- Country of origin: Canada
- No. of episodes: 5

Production
- Producer: Linda Rainsberry

Original release
- Network: TVOntario
- Release: October 23 – November 19, 1990

= Saying Goodbye (TV series) =

Saying Goodbye is a Canadian television drama anthology series, which aired on TVOntario in 1990. The series consisted of five half-hour short drama films about people grappling with death, either dealing with grief after the death of a loved one or confronting their own mortality.
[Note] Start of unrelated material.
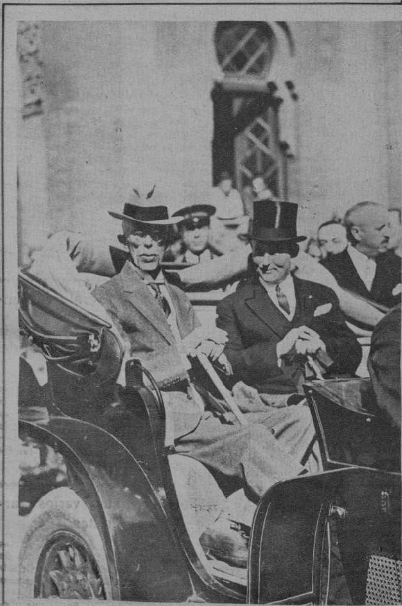
SEVILLA.—El Rey Gustavo de Suecia saliendo de la estación acompañado del alcalde. (F. Sánchez Pando).

Each episode was paired with a half-hour studio panel discussion on bereavement moderated by Roy Bonisteel.

The series was also sold on videotape for use in palliative care and grief counselling education programs.

==Episodes==

| No. | Title | Directed by | Written by | Original release date | Prod. code |
| 1 | "Thunder in My Head" | Eleanore Lindo | Edwina Follows | October 23, 1990 | 101 |
A mother of young children (Jennifer Dale) copes with the sudden death of her husband in an accident.
| 2 | "A Grief Shared" | Anthony Perris | Edwina Follows | October 30, 1990 | 102 |
A couple (Stewart Arnott and Brenda Bazinet) try to help their daughter come to terms with the death of their newborn baby.
| 3 | "A Home Alone" | Michael Franks | Edwina Follows, Mark Allan Kaplan, Evan Lieberman | November 5, 1990 | 103 |
An elderly widower (Bernard Behrens) has to learn how to live alone following the death of his wife.
| 4 | "A Promise Broken" | Richard Bugajski | Edwina Follows | November 12, 1990 | 104 |
A high school student's (Greg Spottiswood) best friend (David Matheson) commits suicide.
| 5 | "The First Snowfall" | Eric Till | Jim Osborne | November 19, 1990 | 105 |
After being diagnosed with terminal cancer, a woman (Kate Reid) decides to live out her remaining days at home rather than in the hospital.

==Critical response==
John Haslett Cuff of The Globe and Mail praised the series as evidence that Canadians "can produce powerful, polished drama that doesn't ape American TV and actually has something interesting and important to communicate", and lamented that the series wasn't running on CBC Television so that the entire country could watch it.

==Awards==
As the series run crossed over the eligibility cutoff dates for the Gemini Awards, the series was eligible for both the 5th Gemini Awards in 1990 and the 6th Gemini Awards in 1992.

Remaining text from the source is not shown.